Furthermore, GNNs were applied to predict electronic and optical properties of molecules. For many applications such as organic electronics, organic photovoltaics, and organic light-emitting diodes, the energy of the highest occupied molecular orbital (HOMO), the lowest unoccupied MO (LUMO), and the optical gap are of high importance for the device efficiency. These properties can therefore be found in numerous databases62,90,173,174,175,176,177. Related properties include (transition) dipole moment62,178, ionization potential, and electron affinity90. In devices, these properties often depend on the molecular environment, which can be modeled and accounted for with GNNs (see Fig. 2a)179. For certain applications such as opto-electronic materials174,175, GNNs have been proposed to complement scalar molecular properties with spectroscopic properties112.

The aforementioned properties are often determined using computationally expensive simulation methods. Cheaper, mostly semi-empirical methods can provide fast but potentially less accurate estimates. GNNs have been used to represent Kohn-Sham wavefunctions and energy levels in a minimal basis representation180, as well as for delta-learning from semi-empirical methods to DFT computed molecular properties177. For applications where not enough data is available to train GNNs, the representations learned by GNNs on large generic datasets can also be transferred to supervised tasks with little data20,181,182, where they are used as input for other machine learning models such as gradient-boosted models183.

Further application areas of GNNs spread across all application domains of molecular materials, including the prediction of toxicity of molecules to bees (see Fig. 2a),184 determining the quality of a material for fuel ignition185 and the classification of different phases of materials, in particular water186. It should be noted that another review paper on molecular property prediction utilizing GNNs exists by Wieder et al.120. In many application areas, tools such as GNNExplainer187 are used to validate and analyze GNN predictions, e.g., in the prediction of scents188 and for porous organic cages189.

Dynamics simulations

Molecular dynamics simulations are an important tool for understanding dynamic processes and mechanisms on a microscopic level in various areas of chemistry, biology, and materials science. Besides the prediction of equilibrium properties of molecules and materials, they also offer the possibility to simulate excited states and non-equilibrium dynamics, as well as slow processes and rare events.

In molecular dynamics simulations, total energy and forces are needed in every time step to propagate the system. Computationally demanding ab initio methods that calculate the energy and forces of a particular atomic configuration of a system at every time step are therefore often too costly. Machine learning methods can replace ab initio calculations to speed up simulations while ideally retaining their accuracy9. Therefore, long and highly accurate MD simulations can be performed based on machine-learned potentials, which have not been possible using classical force fields nor ab initio methods. GNNs are perfectly suited for this task, as atomic forces depend on the (local) atomic environment and global aggregation is not needed.

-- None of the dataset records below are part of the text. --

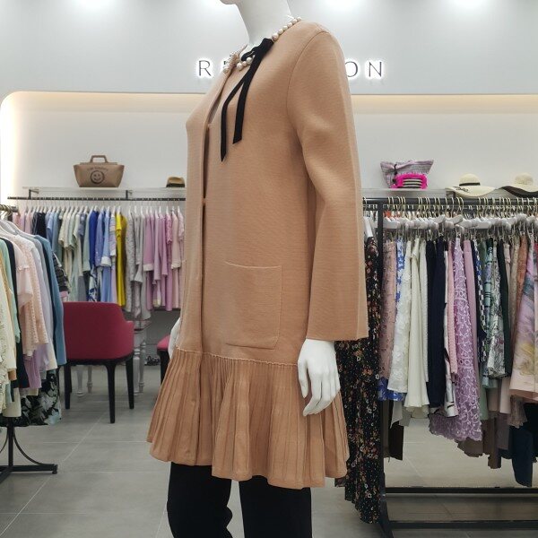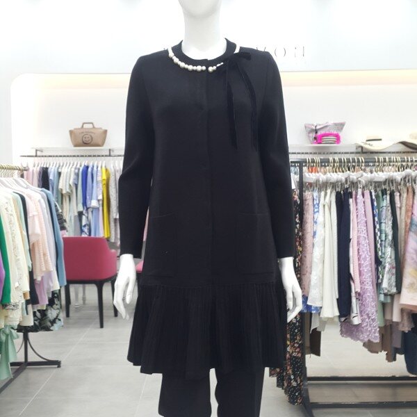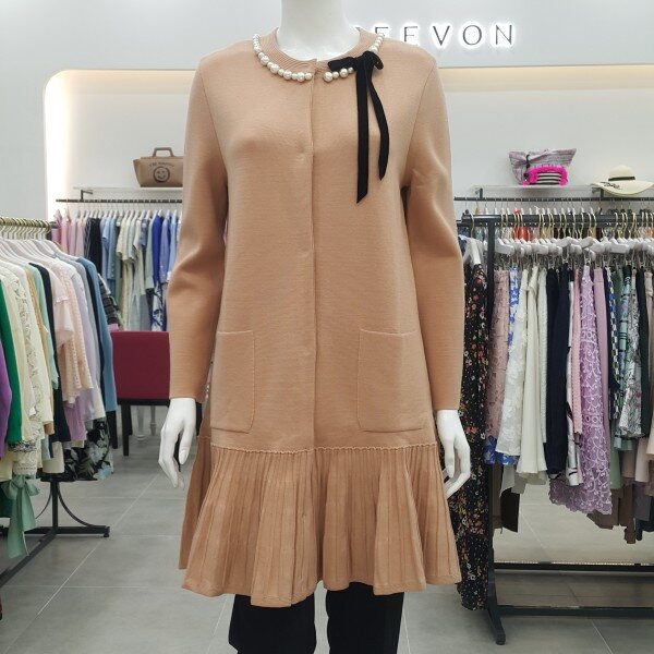 네크에 진주와 리본 장식이 있는 하프코트형 가디건입니다~
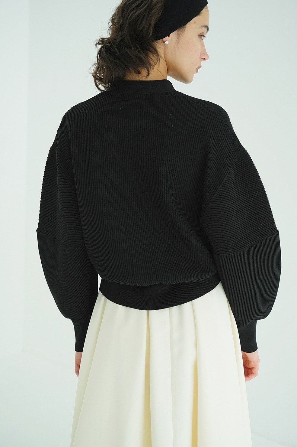 身頃と袖で異なる2種類のリブ編みを採用し、袖部分に切り替えを施すことで、立体感のある表情に仕上げました。ゆったりとしたボリューム感がありながら、ウエストに自然にフィットし、スタイリングのバランスが取りやすいシルエットです。
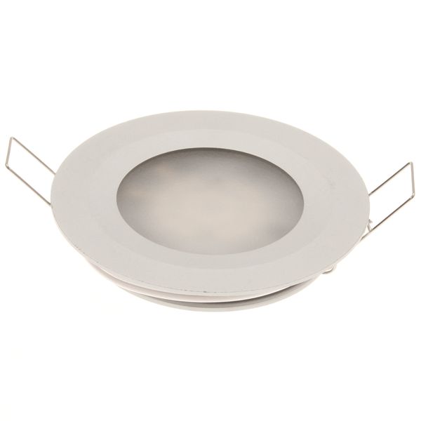 Slim aluminium downlight, switched by touching the metal frame. 50% and 6% dimming with touch, smooth dimming with hold. Built in warm white LEDs.
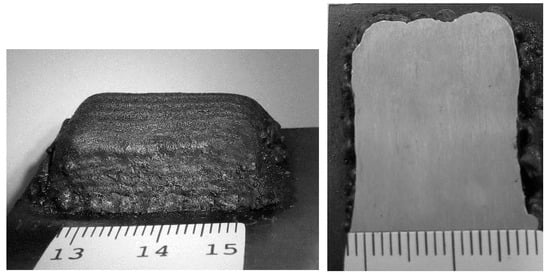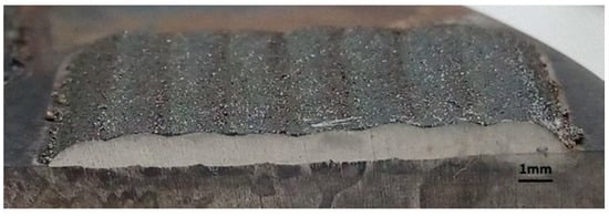 The multiple clad volume generated was built layer by layer following a Parallel strategy with a total of 10 layers, and the result obtained is presented in Figure 10. In this case, the surface was machined to analyze if porosity, cracks or lack of material had appeared, and no defects were found. Actually, it should be mentioned that, sometimes, depending on the final application of the manufactured piece, it is necessary to apply a finish machining operation to the additively manufactured pieces due to the surface quality. Furthermore, the combination of both manufacturing techniques is defined as hybrid manufacturing, which is being developed in the industry [].
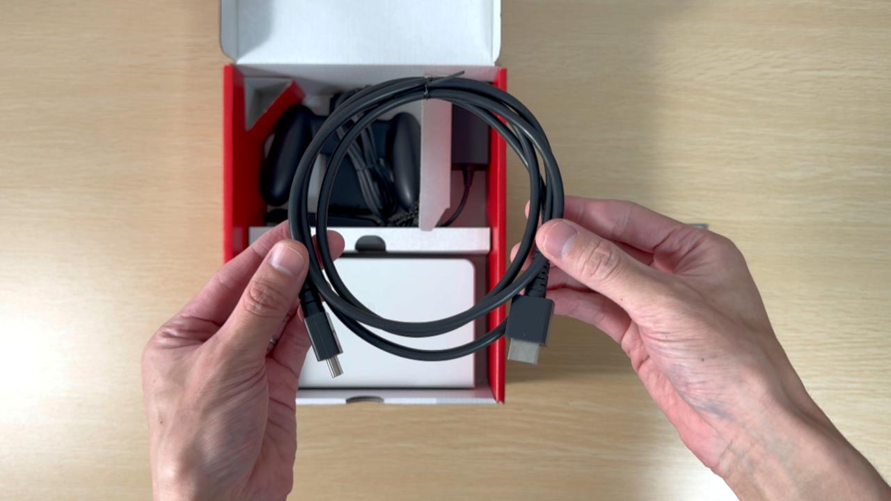 HDMI ケーブルを入れます。有機 EL モデルは、先端の四角い持ち手部分に「HEG-005」と記載があります。初代 Switch は「WUP-008」となっています。
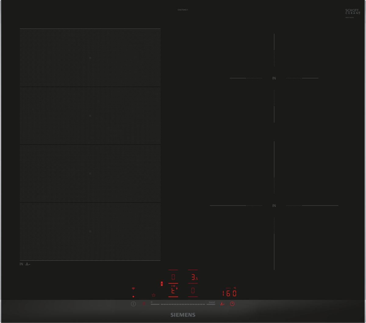 Индукционная варочная панель Siemens EX675HEC1E серии iQ700 сочетает ультрасовременный безрамочный дизайн с революционными технологиями для профессионального результата готовки. Модель выполнена из стеклокерамики Schott Ceran с интегрированной сенсорной панелью управления.

The concept of integrating machine learning models in atomistic simulations was demonstrated multiple times using for example SchNet22, PhysNet23, DimeNet28, or DimeNet++72. However, there are several open challenges that need to be overcome in order to move to larger systems, longer time scales, higher data efficiency, better generalization and transferability, and eventually more accurate and realistic applications. Usually, machine learning models learn the potential energy surface and calculate forces using derivatives of the energy predictions. This ensures that energy predictions and forces are consistent. Since only forces are required in MD simulations, architectures are being developed in which these forces are predicted directly—so that the costly derivative calculations are omitted. In the GNN framework (GNNFF190), a message passing step builds upon an embedding step in which node and edge features include atom type and interatomic distances respectively. Force magnitudes per atom are then calculated from the sum of the forces of the neighboring atoms. Evaluation on the ISO17 database reveals higher force accuracies compared to SchNet while being 1.6 × faster. The approach is also shown to be scalable to larger systems. Due to the direct prediction of the forces, the energy of the system is however not necessarily preserved, making the model not suitable to predict energy-related properties.

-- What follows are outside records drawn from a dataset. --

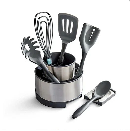 Utensil Starter Set These versatile kitchen tools have a stainless steel or nylon core under the seamless silicone exterior, so they can easily pick up, scoop, stir, chop, or whisk your food without scratching your cookware. The silicone outer layer is safe to use on all cookware surfaces and loved for its durability, heat resistance, and slip-resistance. The ergonomic soft-grip handle is comfortable to hold. Keep these essential cooking tools within reach in the Stainless Steel Rotating Utensil Holder. Product Details Set includes: Silicone Spoon The Silicone Spoon can stir and serve whatever you're dishing out. The spoon's head features a nylon core that is durable for scooping food. Silicone Pasta Fork The Silicone Pasta Fork is great for serving pasta or mixing it with sauce, veggies, or meat. The fork's head features a nylon core that is durable for scooping spaghetti, linguine, fettuccini, and angel hair pasta. The tines easily hold on to noodles without tearing or breaking them. Silicone Slotted Turner The Silicone Slotted Turner can flip, stir, lift, and transfer foods with grease or liquid like burgers. The head of this turner has a stainless steel core that is sturdy but also flexible enough to give it just the right bend to glide under food easily. Mix 'N Chop Spatula Chop, drain, scoop, and serve all with one tool. It has a curved design for the rocking and chopping motion you need to crumble and brown ground beef, turkey, and sausage. It has a spatula area and drain holes to scoop ground meat out of grease and serve it easily. You can also mash and serve avocadoes and eggs or crushed tomatoes for a sauce. The chopper-spatula hybrid features a head with a nylon core that is durable for chopping and scooping food. Whisk Tongs These multipurpose flat whisk tongs, the ultimate kitchen tool, make cooking easy and reduce tool clutter in your kitchen. With just one tool, you can whisk cake mix, grab hard-boiled eggs, flip burgers or bacon, toss salad, and serve food. The adjustable handle helps you easily switch between locking it in a whisk or tong position—saving you tons of space when you’re storing it away. Plus, the tongs are dishwasher-safe for easy cleanup. Stainless Steel Rotating Utensil Holder Keep your favorite cooking tools and utensils at your fingertips any time in the Stainless Steel Rotating Utensil Holder. The exterior is gorgeous stainless steel, so it matches any kitchen. The interior is plastic so it's easy to clean. Remove the center compartment and the hidden spoon rest to cook any way you like. 7½" diameter, 6½" tall.
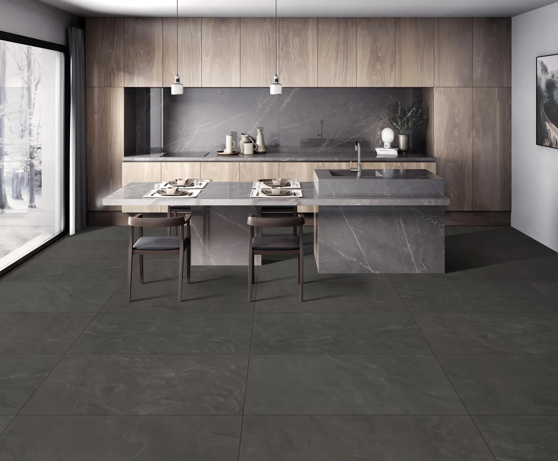 GRESIE DIESEL KOHLE FB - 60X120 cm, portelanata, full body, rectificata, finisaj mat negru intens, ideală pentru placări moderne, interior/exterior, trafic intens.
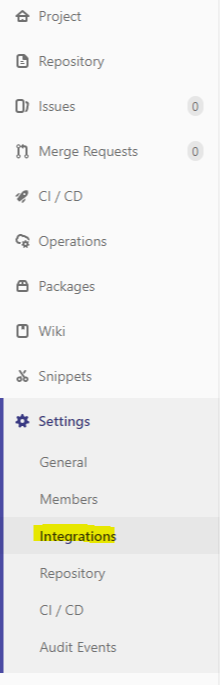 2. 프로젝트 진입 > 왼쪽 탭의 Settings > Integrations 클릭

ForceNet191 is based on an encoder-decoder architecture and tries to completely capture 3D geometry through a specific design of the message passing structure. In contrast to models such as SchNet and DimeNet, ForceNet encodes physical information without constraining the model architecture to enforce physical invariances. Instead, physics-based data augmentation is performed on the data level to achieve rotational invariance. The evaluation was performed on the OC20 dataset which contains DFT calculated energies and per-atom forces of more than 200 million large atomic structures (20–200 atoms) including non-equilibrium structures from optimization trajectories. The resulting mean absolute force errors are comparable to DimeNet++, while being faster in training and prediction.

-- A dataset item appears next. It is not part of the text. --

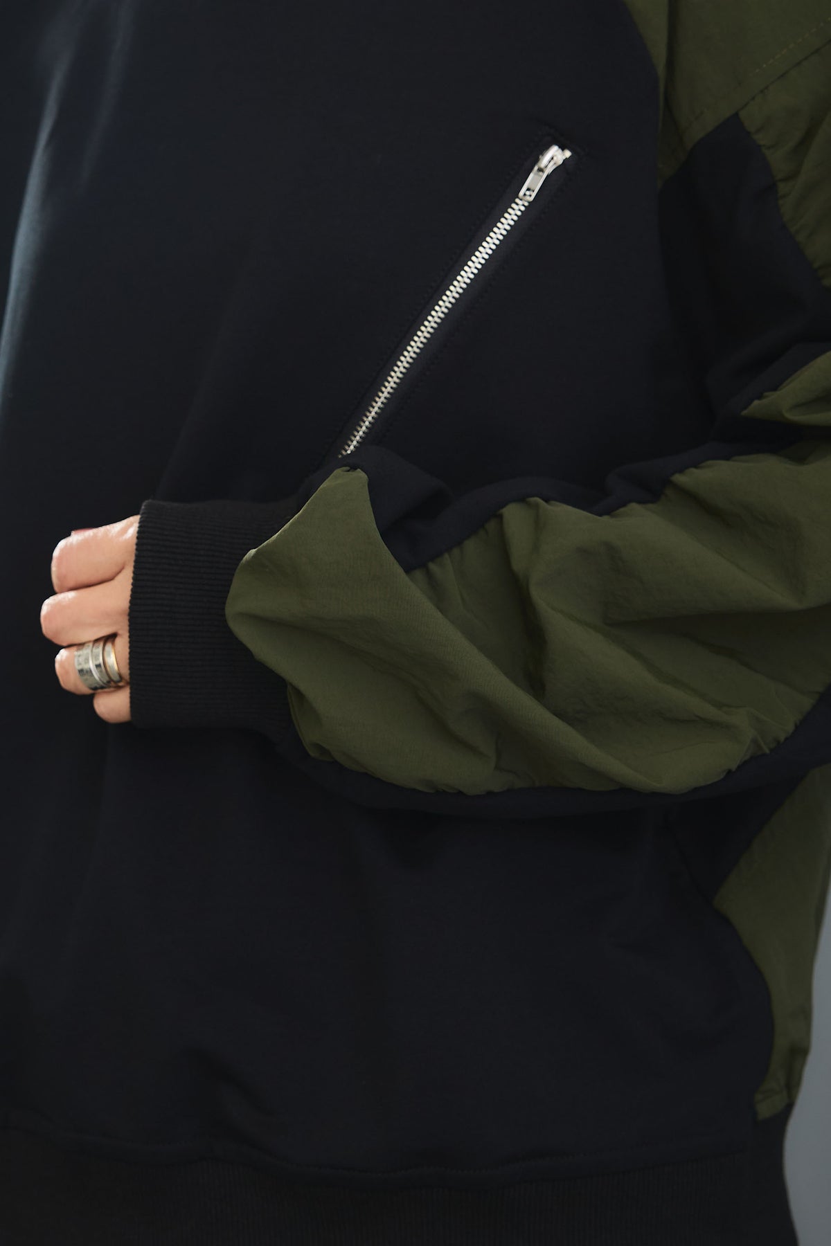 ◆ ZIPデザインギャザースリーブトップス

A promising approach to encoding more physical information about a system is the design of equivariant models. Models that are based on equivariant message passing, e.g., PaiNN29, NequIP25, NewtonNet192, are shown to significantly increase data efficiency and predictive performance compared to models that are based on invariant convolutions. The Neural Equivariant Interatomic Potential (NequIP25) predicts both energy and forces utilizing E(3)-equivariant convolutions over geometric tensors. Evaluated on the MD17 data set its accuracy exceeds those of existing models while needing up to three orders of magnitude less training data. Due to its data efficiency, it was also used with coupled cluster (CCSD(T)) based training data, showing great potential for applications where a prediction accuracy beyond density functional theory (DFT) is needed. In order to further improve data efficiency, GNNFF190 and NewtonNet192 introduce more physical priors in the form of latent force vectors as well as operators containing physical information. This leads to good prediction accuracy with higher computational efficiency at only 1–10% of the training data compared to other models.

To improve generalization, hybrid models such as SpookyNet193 explicitly include electronic structure information such as total charge or spin state, not included in most machine-learned potentials, by applying self-attention in a transformer architecture. Empirical augmentations to include non-local and long-range contributions such as electrostatic interaction and dispersion improve transferability and at the same time enable interpretability193.

GNN for large-scale MD simulations. Many applications require models that scale to large system sizes. For example, simulations of biological systems, e.g., to study protein dynamics or drug binding mechanisms involve orders of magnitude more atoms than many other applications, while configuration changes occur on much longer timescales (10−3−103 s) than a typical MD timestep (10−15 s). One way to address this enormous challenge is the development of models in a QM/MM-inspired approach, where only a small relevant subsystem, e.g., a reaction site, needs to be simulated at ab initio accuracy, while the rest of the system can be described using classical force fields.

GNNs also have the potential to support (adaptive) coarse-graining methods. They were shown to be useful in mapping atoms of a molecule into coarse-grained groups needed for large-scale simulations. The Deep Supervised Graph Partitioning Model (DSGPM)194 treats mapping operators as a graph segmentation problem. It predicted a coarse-grained mapping nearly indistinguishable from human annotations (see Fig. 2d). Furthermore, the machine learning framework by Wang et al.195, which generates a coarse-grained force field, was further improved by Husic et al.196 replacing manual input features with a GNN architecture making the models transferable across different molecular systems such as small proteins.

Excited states dynamics. GNNs were also shown as a very promising tool to tackle the challenging task of simulating excited state dynamics of complex systems197. Unlike ground-state dynamics, multiple potential energy surfaces as well as their crossings and couplings must be considered, leading to a higher dimensionality and complexity of the problem. Furthermore, even the generation of reliable training data using quantum mechanical calculations is challenging.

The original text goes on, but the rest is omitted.